Monday, Nov. 20, 1978

The Year of the Loner

It was the year of the loner, and especially the year of the rich or well-financed loner.

Money, computers, polls and image makers continued to change the face of American politics into something that would have been unrecognizable to the candidates of even a few years ago.

Because of a Supreme Court interpretation of the 1974 campaign finance law, individuals are not limited in terms of the amount of their own money they may spend on an election. This has led to a proliferation of very rich candidates.

In Manhattan's silk stocking district, William Green, an heir to the Grand Union supermarket chain, retained his seat in Congress by defeating Democrat Carter Burden, a scion of the Vanderbilt family. The pair spent $850,000 on the race, about half from their own fortunes, seeking a job that pays $57,500 a year.

Although the new rules have stopped the huge fat-cat giving of the past, the rich have other ways of affecting political campaigns. They can contribute up to $5,000 to any of the 1,828 political action committees (PACs), which in turn can hand that sum on to candidates. Corporations, by soliciting their employees and stockholders, can form PACs too. Since the mid-'70s, companies and their trade associations have formed some 1,200 of these committees. PACS contributed more than $60 million to the 1978 election campaigns for the U.S. Senate and House of Representatives alone. The apparent impact thus far has been not to strengthen conservatives as such but simply to strengthen incumbents, since the PACS tend to give to officeholders who offer some political clout in Congress. Despite highly visible turnovers in Congress, 96% of the House members were returned to Washington.
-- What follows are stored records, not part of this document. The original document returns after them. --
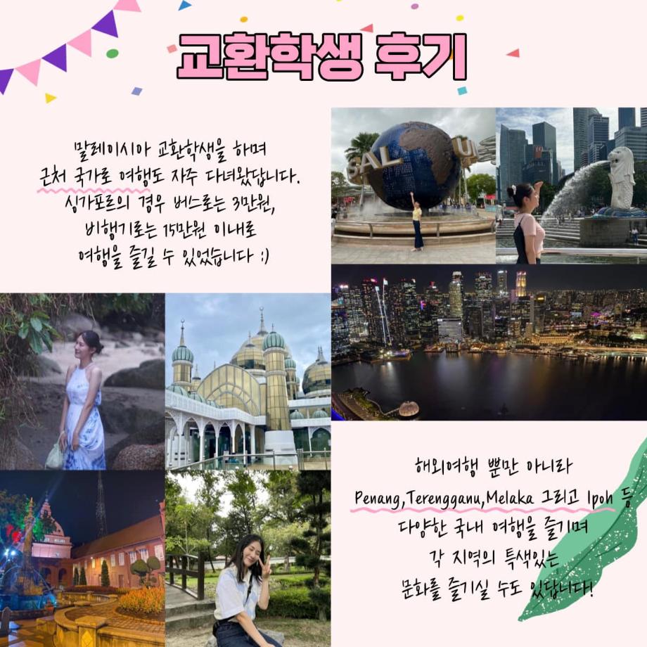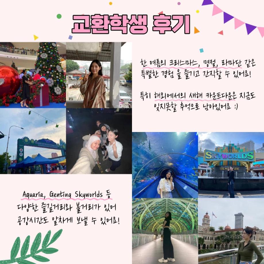 그 중 말레이시아 쿠알라룸푸르대학으로 교환학생을 직접 다녀오신 20학번 재학생분의 생생한 후기를 카드뉴스로 제작해보았습니다 🔍
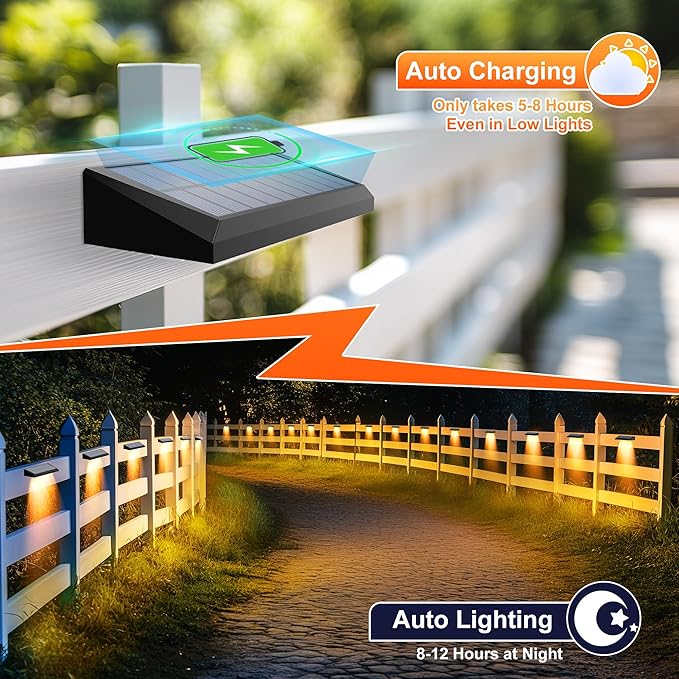 - Smart Auto On/Off Sensor: The solar fence lights auto charged 4-6 hours at daytime and auto work 8-12 hours. And auto illuminates at dusk and turns off at dawn, saving energy and ensuring hassle-free operation for homeowners. Enjoy the convenience of intelligent lighting!
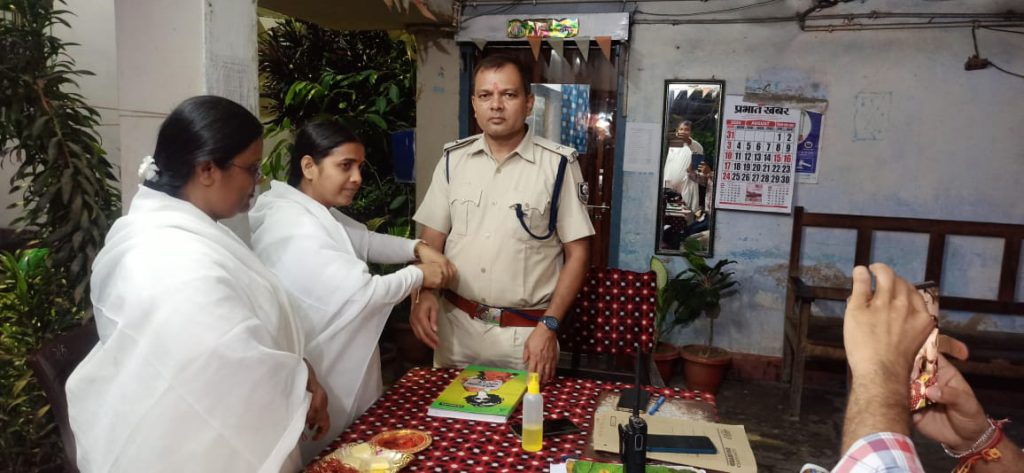 मुजफ्फरपुर काजी मोहम्मदपुर थाना के अध्यक्ष दैवी भ्राता जयप्रकाश सिंह जी राखी बांधते हुए बबीता बहन एवं सीता बहन

Even candidates with no serious opposition get PAC money. Chicago Representative Dan Rostenkowski, for example, received more than $69,000 because he happens to chair a subcommittee dealing with health problems. His contributors included the American Dental PAC, the American Medical PAC and the Oral and Maxillofacial Surgery PAC.

New direct-mail techniques advanced by George McGovern in 1972 have enabled fund raisers to reach prospects classified according to their feelings about specific and often emotional issues. The undisputed champion of this technique is Richard Viguerie who last year raised $30 million for antiabortion, anti-gun-control, anti-ERA and other activists.
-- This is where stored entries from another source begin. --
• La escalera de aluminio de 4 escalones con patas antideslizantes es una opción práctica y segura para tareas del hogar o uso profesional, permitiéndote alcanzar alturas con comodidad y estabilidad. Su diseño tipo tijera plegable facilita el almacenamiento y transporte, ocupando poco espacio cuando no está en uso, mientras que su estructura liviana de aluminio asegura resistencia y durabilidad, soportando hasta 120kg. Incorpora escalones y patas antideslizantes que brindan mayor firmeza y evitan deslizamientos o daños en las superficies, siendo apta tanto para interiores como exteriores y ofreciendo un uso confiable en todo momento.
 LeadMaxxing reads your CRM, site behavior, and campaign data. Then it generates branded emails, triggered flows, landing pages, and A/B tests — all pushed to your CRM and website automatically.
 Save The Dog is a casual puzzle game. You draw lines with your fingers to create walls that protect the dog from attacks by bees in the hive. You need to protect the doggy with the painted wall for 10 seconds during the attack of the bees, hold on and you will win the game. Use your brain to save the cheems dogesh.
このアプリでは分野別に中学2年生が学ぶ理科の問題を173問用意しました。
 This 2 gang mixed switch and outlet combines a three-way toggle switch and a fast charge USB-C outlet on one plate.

The computer has changed not only the way politicians campaign but also the way they raise money. Incumbents often keep detailed lists on their own computers and can send mailings to constituents who feel strongly about one issue. Detailed opinion polls subjected to computer analysis enable challengers to find their opponents' weaknesses and plan their own stands accordingly. Democrat Alex Seith did that in Illinois, and then ran as more conservative than Republican Moderate Senator Charles Percy. He might have beaten Percy except for last-minute reaction to some of his tactics, such as a radio advertisement implying that Percy is a racist.

Along with the computerized attitude study, the modern candidate often hires a top-flight image maker, who concocts an advertising campaign selling whatever he finds voters are buying. "The new Democratic chairman of New York is David Garth,' says Sidney Frigand, once an aide to former Mayor Abraham Beame. Garth is the campaign consultant who masterminded Governor Hugh Carey's victory, as well as several other Democratic campaigns.
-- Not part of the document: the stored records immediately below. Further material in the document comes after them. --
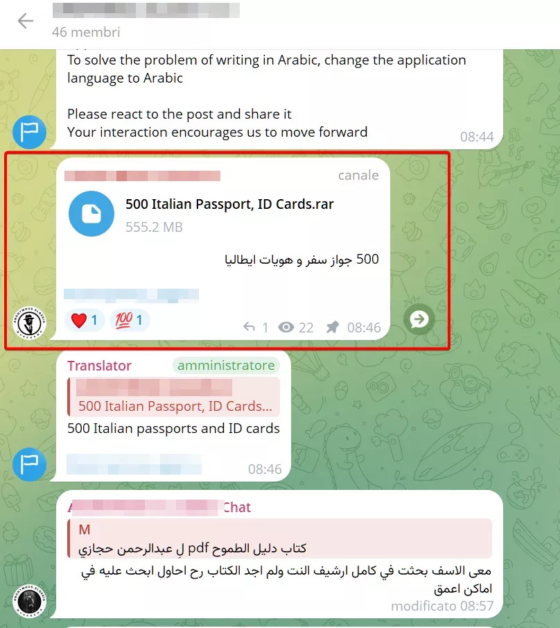 Il gruppo collettivista Anonymous Algeria, in una recente attività sui loro canali Telegram, ha pubblicato un archivio compresso, contenente documenti di identità di italiani.
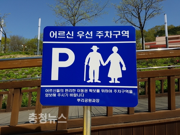 효 테마공원인 뿌리공원을 찾은 노령의 운전자를 배려해 공원 입구 길목에서 가장 가까운 곳에 눈에 잘 띄는 노란색으로 12개의 주차면을 만들고‘어르신 우선 주차구역’표지판 2개를 설치했다.
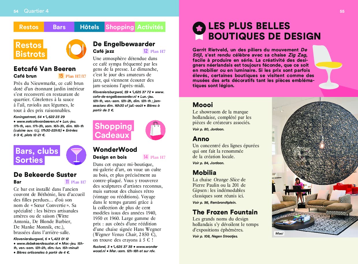 Le guide propose aussi une sélection de restaurants, de cafés et de boutiques pour vous immerger totalement dans l’ambiance d’Amsterdam. Un plan détachable avec toutes les adresses est inclus pour faciliter votre visite.
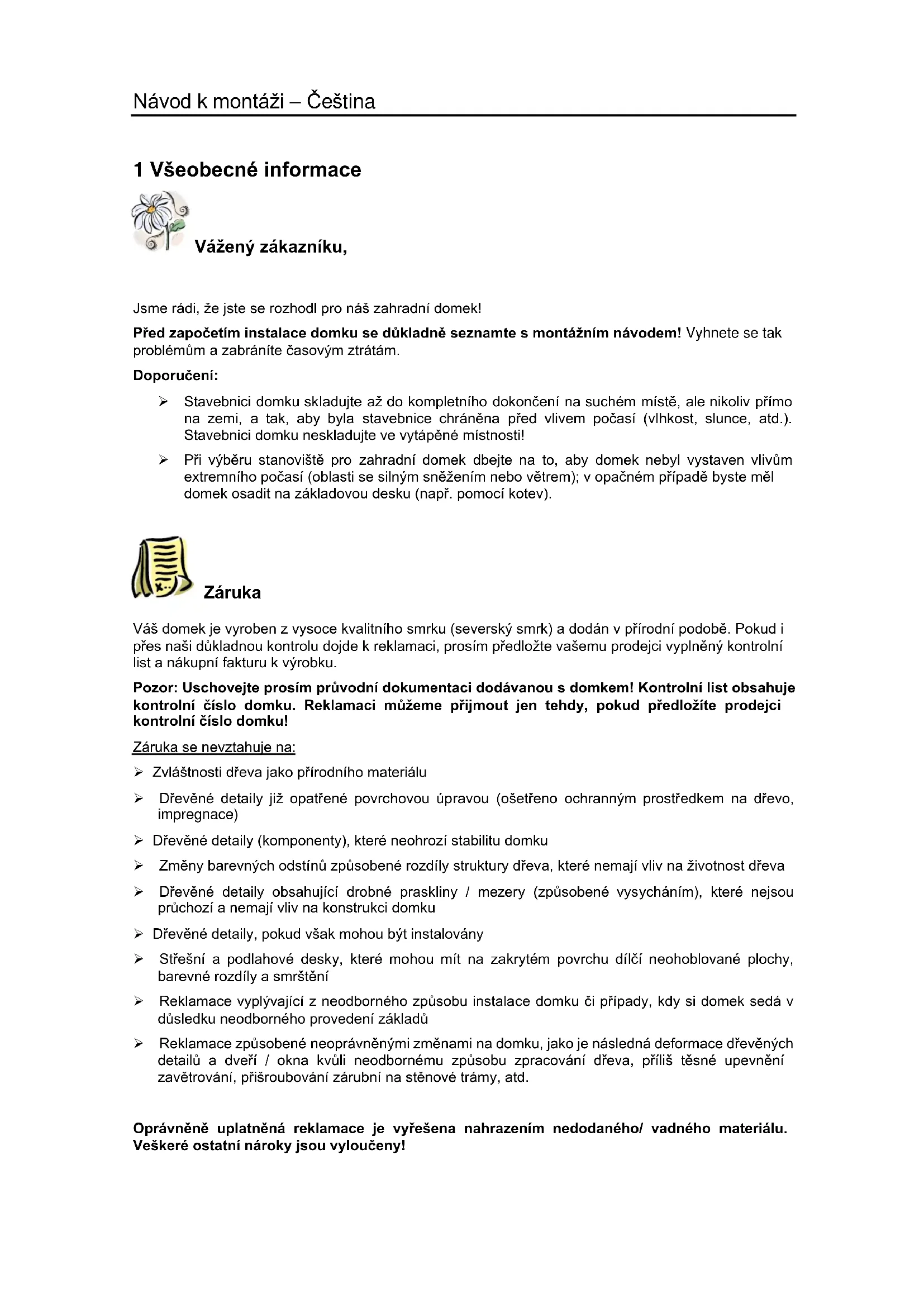 1 Všeobecné informace Vážený zákazníku, Jsme rádi, že jste se rozhodl pro náš zahradní domek! Před započetím instalace domku se důkladně seznamte s montážním návodem! Vyhnete se tak problémům a zabráníte časovým ztrátám. Doporučení: ➢ Stavebnici domku skladujte až do kompletního dokončení na suchém místě, ale nikoliv přímo na zemi, a tak, aby byla stavebnice chráněna před vlivem počasí (vlhkost, slunce, atd.). Stavebnici domku neskladujte ve vytápěné místnosti! ➢ Při výběru stanoviště pro zahradní domek dbejte na to, aby domek nebyl vystaven vlivům extremního počasí (oblasti se silným sněžením nebo větrem); v opačném případě byste měl domek osadit na základovou desku (např. pomocí kotev). Záruka Váš domek je vyroben z vysoce kvalitního smrku (severský smrk) a dodán v přírodní podobě. Pokud i přes naši důkladnou kontrolu dojde k reklamaci, prosím předložte vašemu prodejci vyplněný kontrolní list a nákupní fakturu k výrobku. Pozor: Uschovejte prosím průvodní dokumentaci dodávanou s domkem! Kontrolní list obsahuje kontrolní číslo domku. Reklamaci můžeme přijmout jen tehdy, pokud předložíte prodejci kontrolní číslo domku! Záruka se nevztahuje na: ➢ Zvláštnosti dřeva jako přírodního materiálu ➢ Dřevěné detaily již opatřené povrchovou úpravou (ošetřeno ochranným prostředkem na dřevo, impregnace) ➢ Dřevěné detaily (komponenty), které neohrozí stabilitu domku ➢ Změny barevných odstínů způsobené rozdíly struktury dřeva, které nemají vliv na životnost dřeva ➢ Dřevěné detaily obsahující drobné praskliny / mezery (způsobené vysycháním), které nejsou průchozí a nemají vliv na konstrukci domku ➢ Dřevěné detaily, pokud však mohou být instalovány ➢ Střešní a podlahové desky, které mohou mít na zakrytém povrchu dílčí neohoblované plochy, barevné rozdíly a smrštění ➢ Reklamace vyplývající z neodborného způsobu instalace domku či případy, kdy si domek sedá v důsledku neodborného provedení základů ➢ Reklamace způsobené neoprávněnými změnami na domku, jako je následná deformace dřevěných detailů a dveří / okna kvůli neodbornému způsobu zpracování dřeva, příliš těsné upevnění zavětrování, přišroubování zárubní na stěnové trámy, atd. Oprávněně uplatněná reklamace je vyřešena nahrazením nedodaného/ vadného materiálu. Veškeré ostatní nároky jsou vyloučeny!Návod k montáži – Čeština

Garth's Republican counterpart is John Deardourff, who worked unsuccessfully for Carey's opponent but helped win eight races in seven states. Deardourff estimates that television now claims 60% to 70% of most candidates' funds and that costs for such advertising time have escalated 50% in the past four years. "There is no better way to spend money," he says. Television lets candidates reach large numbers of people easily, but even Deardourff acknowledges that "it turns people into spectators rather than participants." This feeds voter lack of interest and contributes to the eroding of party affiliation.

Taken together, the money, the media, the managers and the computers may be turning American politics into a strangely lonely process. Candidates now buy what they need, pick their positions knowing in advance what is popular, and then spread those views widely on television and selectively by direct mail. Vanishing are the hosts of volunteers, the massive get-out-the-vote operations, and the need for help from established party organizations.

Fortunately, this wizardry doesn't always work. In Michigan, for example, Democrat Carl Levin was outspent 2 to 1 and was slightly more liberal than the computerized polls would have told him to be, but still won by almost 150,000 votes over two-term Incumbent Robert Griffin.